На самом деле, мне самому хотелось завести подобный разговор, просто как-то к слову не приходилось. Сейчас весна девяносто второго. По моим прикидкам, где-то очень скоро должна была грянуть приватизация. Точную дату этого события я не помнил, вроде бы летом или осенью. Зато слышал массу историй, по которым особо быстрые умудрялись отмутить себе в собственность всякие заводы, газеты, пароходы. Не говоря уже о клубах, барах и гостиницах. Судьбу этого кинотеатра я знал — он благополучно захиреет и размалится. И даже не побудет какое-то время успешным торговым центром, как другие его коллеги. Пришелся не ко двору. Оно, в принципе, понятно, место не очень-то проходное, народу вокруг живет немного, частный сектор еще этот. В принципе, даже неважно, почему так получилось.

У такого расклада может не быть никаких объективных причин. Тот же кинотеатр «Пионер» не спасло ни то, что здание у него было историческое, ни то, что стоит он прямо на центральной улице, ни то, что история у него давняя и героическая. Попал в чьи-то бездарные руки, обанкротился, обветшал, а потом его снесли и возвели на этом месте уродливую коробку торгового центра.
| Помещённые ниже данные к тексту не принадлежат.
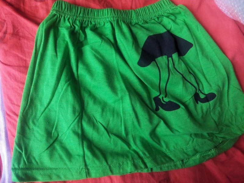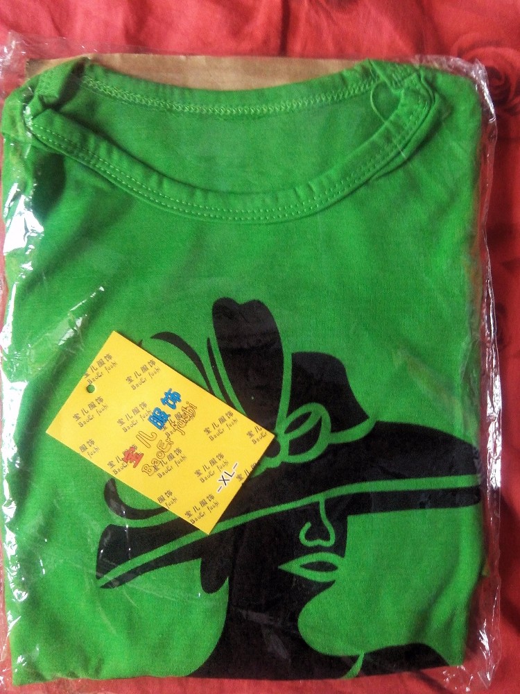 拿回来拆开一看,绿色的颜色挺正的,就是有点皱皱巴巴的,这个到没有什么问题,洗一下就好了,只是我觉得不是纯棉的,有点小失望。上身是短袖,下身是裙子,半身裙,还蛮好看的。一套衣服放在一块的话就可以看到上面的图案,美女图哦,还带着个帽子,脚上穿个皮鞋,哈哈,好有趣的。 还有一套帮邻居家孩子买的才刚刚发货,这个都已经收到了,继续等待下一套衣服的到来,期待中。。。 本作品未经作者许可不得转载,转载请征求作者意见。擅自转载使用,将保留追究其法律责任的权利! 评分记录
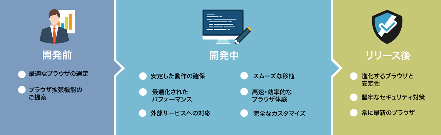 貴社のニーズに合わせてChromium/WebKitやそのバージョン等、最適なブラウザエンジンをご提案いたします。
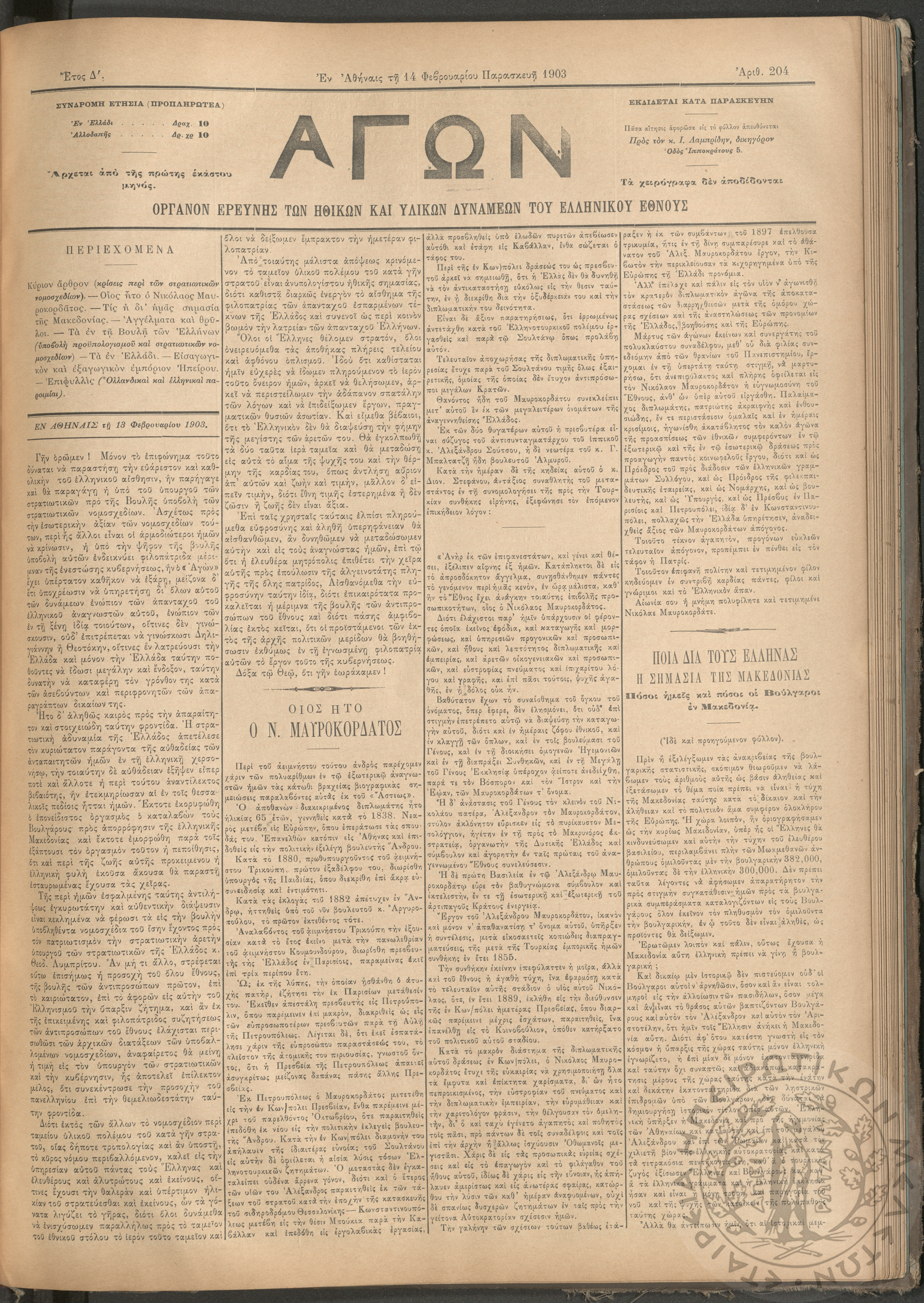 Αγών: Όργανον ερεύνης των ηθικών και υλικών δυνάμεων του Ελληνικού Έθνους, 1903 (Φ. 204)Έτος Δ΄, Φ. 204...
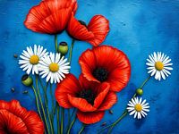 Een levendig digitaal schilderij met een tros scharlakenrode klaprozen en delicate witte margrieten tegen een gestructureerde, azuurblauwe achtergrond. Het gedurfde rood van de klaprozen, met hun donkere hart, contrasteert prachtig met het pure wit en zonnige geel van de madeliefjes. De compositie creëert een levendige en vrolijke…
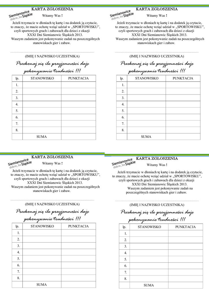 KARTA ZGŁOSZENIA KARTA ZGŁOSZENIA Witamy Was ! Witamy Was ! Jeżeli trzymacie w dłoniach tę kartę i na dodatek ją czytacie, to znaczy, że macie ochotę wziąć udział w „SPORTOWISKU”, czyli sportowych grach i zabawach dla dzieci z okazji XXXI Dni Siemianowic Śląskich 2013. Waszym zadaniem jest pokonywanie zadań na poszczególnych stanowiskach gier i zabaw. Jeżeli trzymacie w dłoniach tę kartę i na dodatek ją czytacie, to znaczy, że macie ochotę wziąć udział w „SPORTOWISKU”, czyli sportowych grach i zabawach dla dzieci z okazji XXXI Dni Siemianowic Śląskich 2013. Waszym zadaniem jest pokonywanie zadań na poszczególnych stanowiskach gier i zabaw. ………………………………………………………………...........................................................… ………………………………………………………………...........................................................… (IMIĘ I NAZWISKO UCZESTNIKA) (IMIĘ I NAZWISKO UCZESTNIKA) Przekonaj się ile przyjemności daje Przekonaj się ile przyjemności daje pokonywanie trudności !!! pokonywanie trudności !!! lp. STANOWISKO PUNKTACJA lp. STANOWISKO 1. 1. 2. 2. 3. 3. 4. 4. 5. 5. 6. 6. 7. 7. 8. 8. SUMA PUNKTACJA SUMA KARTA ZGŁOSZENIA KARTA ZGŁOSZENIA Witamy Was ! Witamy Was ! Jeżeli trzymacie w dłoniach tę kartę i na dodatek ją czytacie, to znaczy, że macie ochotę wziąć udział w „SPORTOWISKU”, czyli sportowych grach i zabawach dla dzieci z okazji XXXI Dni Siemianowic Śląskich 2013. Waszym zadaniem jest pokonywanie zadań na poszczególnych stanowiskach gier i zabaw. Jeżeli trzymacie w dłoniach tę kartę i na dodatek ją czytacie, to znaczy, że macie ochotę wziąć udział w „SPORTOWISKU”, czyli sportowych grach i zabawach dla dzieci z okazji XXXI Dni Siemianowic Śląskich 2013. Waszym zadaniem jest pokonywanie zadań na poszczególnych stanowiskach gier i zabaw. ………………………………………………………………...........................................................… ………………………………………………………………...........................................................… (IMIĘ I NAZWISKO UCZESTNIKA) (IMIĘ I NAZWISKO UCZESTNIKA) Przekonaj się ile przyjemności daje Przekonaj się ile przyjemności daje pokonywanie trudności !!! pokonywanie trudności !!! lp. STANOWISKO PUNKTACJA lp. 1. 1. 2. 2. 3. 3. 4. 4. 5. 5. 6. 6. 7. 7. 8. 8. SUMA STANOWISKO SUMA PUNKTACJA Siemianowice Śląskie, 9.06.2013 r. Wyrażam zgodę na udział mojego dziecka: Siemianowice Śląskie, 9.06.2013 r. Wyrażam zgodę na udział mojego dziecka: ….............................................................................................. (IMIĘ I NAZWISKO DZIECKA) …............................................................................................ (IMIĘ I NAZWISKO DZIECKA) w „SPORTOWISKU”, czyli sportowych grach i zabawach dla w „SPORTOWISKU”, czyli sportowych grach i zabawach dla dzieci z okazji XXXI Dni Siemianowic Śląskich organizowanych dzieci przez organizowanych przez Referat Sportu w Wydziale Kultury, Referat Sportu w Wydziale Kultury, Promocji i Sportu z okazji XXXI Dni Siemianowic Śląskich Urzędu Miasta Siemianowice Śląskie oraz MOSiR „Pszczelnik” Promocji i Sportu Urzędu Miasta Siemianowice Śląskie oraz w dniu 9.06.2013 r. MOSiR „Pszczelnik” w dniu 9.06.2013 r. Jednocześnie potwierdzam brak przeciwwskazań zdrowotnych Jednocześnie potwierdzam brak przeciwwskazań zdrowotnych do udziału dziecka w w/w grach i zabawach oraz akceptuję do udziału dziecka w w/w grach i zabawach oraz akceptuję regulamin imprezy sportowej. regulamin imprezy sportowej. ….................…..........………………………………... PODPIS RODZICA LUB OPIEKUNA PRAWNEGO ….................…..........………………………………... PODPIS RODZICA LUB OPIEKUNA PRAWNEGO Siemianowice Śląskie, 9.06.2013 r. Siemianowice Śląskie, 9.06.2013 r. Wyrażam zgodę na udział mojego dziecka: Wyrażam zgodę na udział mojego dziecka: …............................................................................................ (IMIĘ I NAZWISKO DZIECKA) ….............................................................................................. (IMIĘ I NAZWISKO DZIECKA) w „SPORTOWISKU”, czyli sportowych grach i zabawach dla dzieci z okazji XXXI Dni Siemianowic Śląskich organizowanych przez Referat Sportu w Wydziale Kultury, Promocji i Sportu Urzędu Miasta Siemianowice Śląskie oraz MOSiR „Pszczelnik” w dniu 9.06.2013 r. Jednocześnie potwierdzam brak przeciwwskazań zdrowotnych do udziału dziecka w w/w grach i zabawach oraz akceptuję regulamin imprezy sportowej. w „SPORTOWISKU”, czyli sportowych grach i zabawach dla dzieci z okazji XXXI Dni Siemianowic Śląskich organizowanych przez Referat Sportu w Wydziale Kultury, Promocji i Sportu Urzędu Miasta Siemianowice Śląskie oraz MOSiR „Pszczelnik” w dniu 9.06.2013 r. Jednocześnie potwierdzam brak przeciwwskazań zdrowotnych do udziału dziecka w w/w grach i zabawach oraz akceptuję regulamin imprezy sportowej. ….................…..........………………………………... PODPIS RODZICA LUB OPIEKUNA PRAWNEGO ….................…..........………………………………... PODPIS RODZICA LUB OPIEKUNA PRAWNEGO

Лично меня «Буревестник» как база полностью устраивает. Помещений тут еще вагон, есть куда развиваться. Аппаратура какая-никакая есть… Кое-что надо бы обновить буквально вот прямо сейчас. Срочно превратить заработанные только что деньги в полезные вещи. А то, понимаешь, девяносто второй. Смотришь на часы и прямо ощущаешь, как с каждой секундой деньги в твоем кармане испаряются.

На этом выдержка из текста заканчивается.